The structured credit analytics/research firm R&R Consulting released a bombshell today, and it strongly suggests that prevailing prices on non-GSE (non Freddie and Fannie) residential mortgage backed securities, which are typically referred to as “private label” are considerably overvalued.
R&R Consulting described how the reports presented to RMBS investors show losses at the loan level (which is super eye-numbing detail in the investor reports) that have NOT been allocated to the bonds (boldface ours):
On the securities performing at December 2011, a universe of approximately $1.42 trillion, R&R estimate the amount of additional losses likely to materialize is $300 billion, with one-third concentrated in ten arranger names, including Countrywide, Morgan Stanley and JP Morgan. About 17,000 tranches, or 34% of the universe analyzed by R&R, may lose up to 83% of their remaining principal.
In addition, R&R estimates that approximately $175 billion of losses already incurred on the loans have not yet been allocated to the bonds in the related transactions. Failure to allocate realized loan losses could distort the valuation of related RMBS tranches.

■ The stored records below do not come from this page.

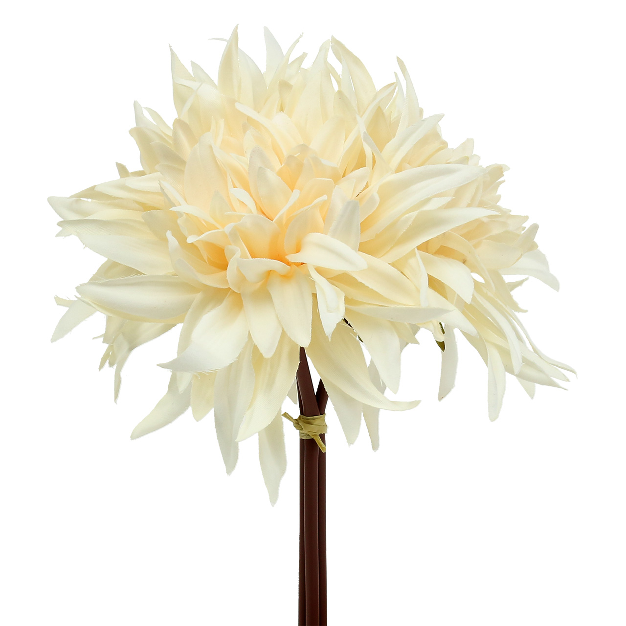 Each artificial dahlia in cream has a flower diameter of around 17.5 centimeters and is around 25.5 centimeters long.
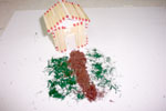 7 يتم تثبيت البيت ورسم طريق باللاصق ثم رش مسحوق البرى عليه ليثبت
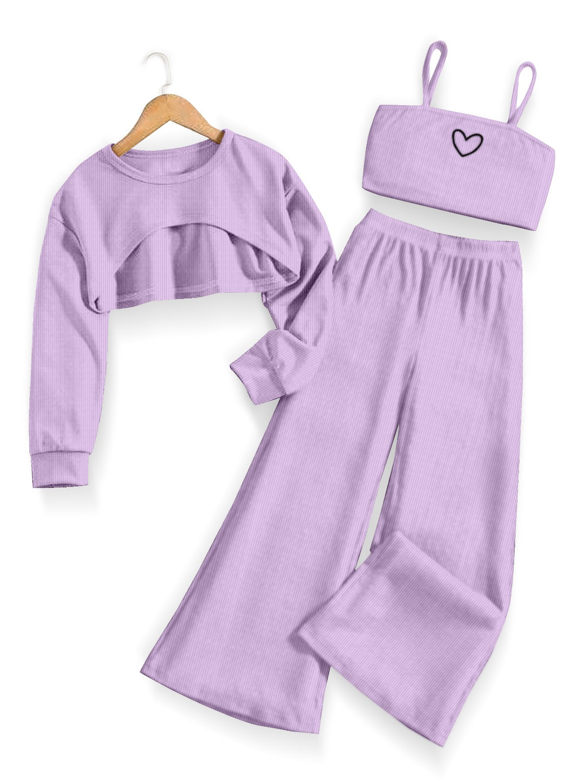 Fabric Cotton Blend Sales Package 1 Style Code 3 PIECE SET Top fabric Polyester Bottom fabric Polyester Top type Crop Top Bottom type Palazzo Pattern Solid

In the course of conducting valuations on RMBS, the R&R analytics team discovered widespread, serious, repeated data discrepancies. Ann Rutledge, a founding principal, asked the team to measure the magnitude of the discrepancy on the RMBS universe. To do this, R&R subtracted cumulative losses allocated to the tranches from unallocated, expected losses, calculated as the sum of defaults, bankruptcies, foreclosures and REOs minus recoveries. “The results were very disturbing: $175 billion of unallocated current losses and $300 billion of imminent losses,” Rutledge said.
Now you might say, how can investors NOT know this is happening? Have you ever looked at an investor report on MBS? They are really really nerdy. Summary stuff up front, tons of pages of detail. Now bond fund managers are presumably paid to care about nerdy stuff like this, but I have spoken to some MBS lifers who have gone to the buy side, and they tell me that the level of expertise among MBS investors is not high.

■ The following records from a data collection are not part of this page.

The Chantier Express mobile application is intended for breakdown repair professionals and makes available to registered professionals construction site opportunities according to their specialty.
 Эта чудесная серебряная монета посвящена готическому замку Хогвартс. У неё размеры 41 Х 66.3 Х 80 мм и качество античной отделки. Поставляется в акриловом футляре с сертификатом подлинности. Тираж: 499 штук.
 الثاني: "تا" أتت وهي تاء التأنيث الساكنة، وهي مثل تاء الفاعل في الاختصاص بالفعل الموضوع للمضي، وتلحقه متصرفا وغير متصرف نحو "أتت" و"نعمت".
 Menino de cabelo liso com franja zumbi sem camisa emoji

But, but, but….some of you are protesting….surely these errors are just innocent mistakes? That’s a nice theory, but the numbers are huge, and the “mistakes” happen to line up with more profit for servicers:
The implication for bond holders in RMBS is significant with respect to both estimates. Subordinated securities in the RMBS with probable future losses ought to be written down by such losses but instead may be continuing to receive interest owed to more senior tranches. It could also mean that servicers are earning fees against loans that have already been liquidated, which also reduces the amount of cash to pay senior bond holders. For example, in one month, servicers could generate $75 million or more in inappropriate fees against the $175 billion in unallocated losses.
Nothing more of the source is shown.